The Ministry of Finance, the State Administration of Taxation and the General Administration of Customs recently released a joint announcement on deepening value-added tax reform (the “Announcement”). The Announcement mainly includes the adjustment of the VAT rate, the deduction of input taxes and tax refunds for uncredited input VAT:
1. Adjustment of the VAT rate
According to the Announcement, the tax rate for general VAT payers (the “Taxpayers”) who were previously subject to a 16% VAT tax for selling or importing goods is adjusted to 13%, and for those subject to a 10% tax rate, the new tax rate is adjusted to 9%. In addition, the deduction rate of agricultural products, the export tax refund rate for exported goods and services and the tax refund rate for duty-free items purchased by travelers overseas are adjusted.
2. Deduction of input tax
The amount of input tax on real estate or real estate construction projects acquired by a Taxpayer will no longer be deducted over a two year period, and any input tax that has not been deducted pursuant to the above provisions may be deducted from the output tax beginning with the tax period of April 2019; any input tax incurred from a Taxpayer’s purchase of domestic passenger transportation services may also be deducted from the output tax. In addition, a Taxpayer in the production and daily living services sectors may enjoy an additional 10% deduction on the deductible input tax for the period from April 1, 2019 to December 31, 2021.

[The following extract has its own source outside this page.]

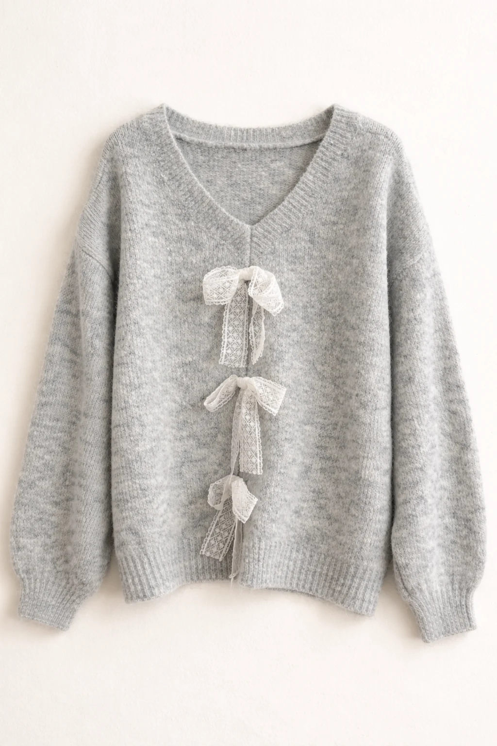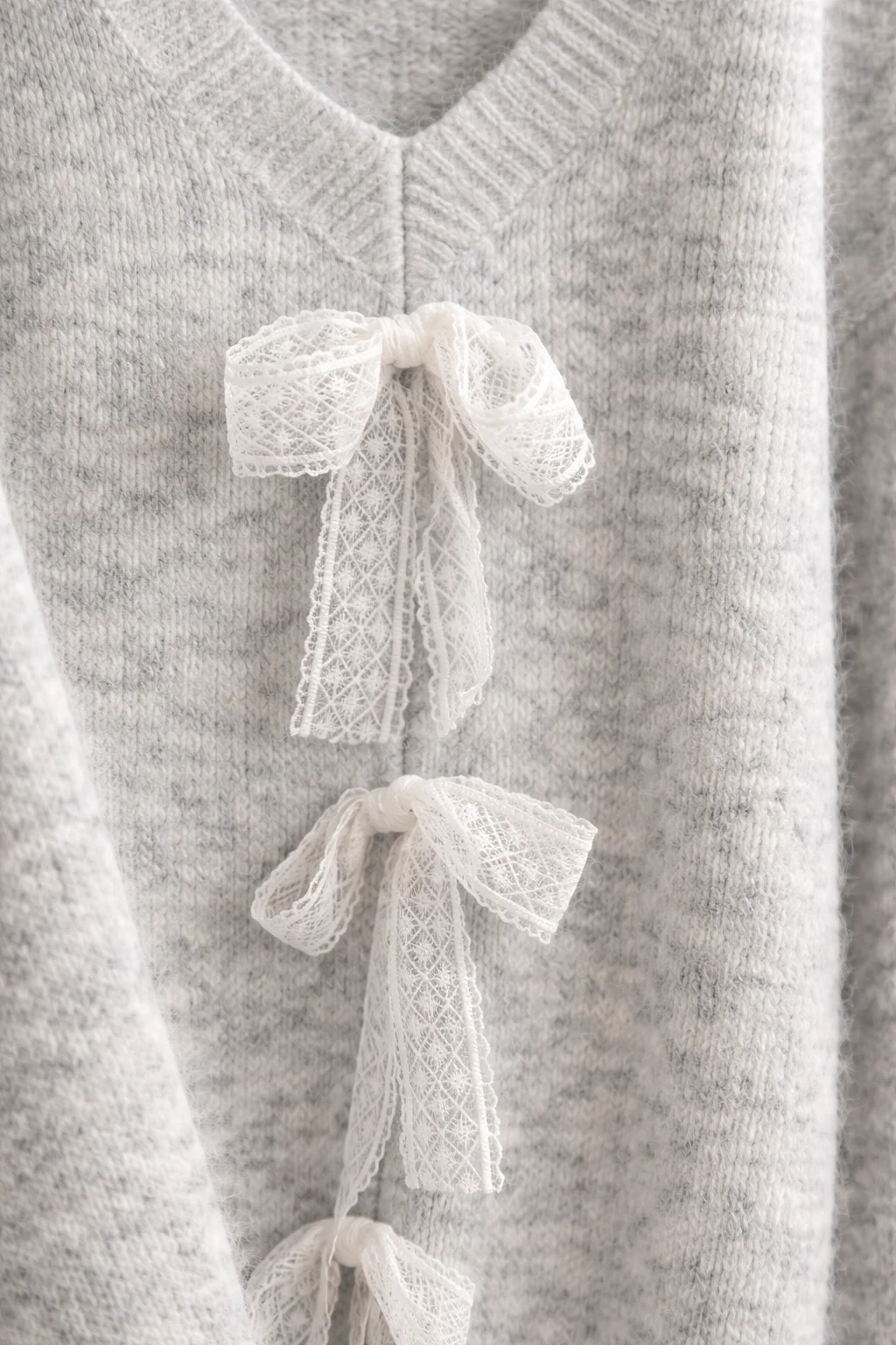 Tak, szary damski sweter został ozdobiony koronkowymi kokardkami na przodzie, co dodaje mu wyjątkowego charakteru i sprawia, że jest świetnym wyborem na różne okazje.

3. Tax refund for uncredited input VAT
Beginning from April 1, 2019, a new refund system for uncredited input VAT at the end of the VAT period is piloted. The term “incremental uncredited input VAT” refers to any newly added uncredited input VAT compared with the amount at the end of March 2019. The amount of incremental uncredited input VAT that a Taxpayer may request a refund of is calculated by the following formula: The refundable incremental uncredited input VAT = incremental uncredited input VAT ´ input ratio ´ 60%. The input ratio refers to the ratio of the VAT amount set forth in special VAT invoices (including uniform invoices for tax-controlled motor vehicle sales), or special customs bills of payment for VAT on imports, and the tax payment receipts for the entire deducted input tax for the same period.
The Announcement also pointed out that Taxpayers seeking a refund of the uncredited input VAT must meet certain conditions. For a Taxpayer who exports goods or services or engages in cross-border conduct that is taxable to the extent that the measures for tax exemption, offset and refund apply, if the conditions stipulated in the Announcement are still met after the tax exemption, offset or refund is applied, an application may be filed to refund the uncredited input VAT. If the measures for tax exemption or refund are applicable, the relevant input tax may not be used to refund the uncredited input VAT.
In general, the preferential treatments under the new VAT policy are relatively strong and have a wide scope of impact. The State Administration of Taxation also released related detail measures at the same time. The new policy will go into effect on April 1, 2019.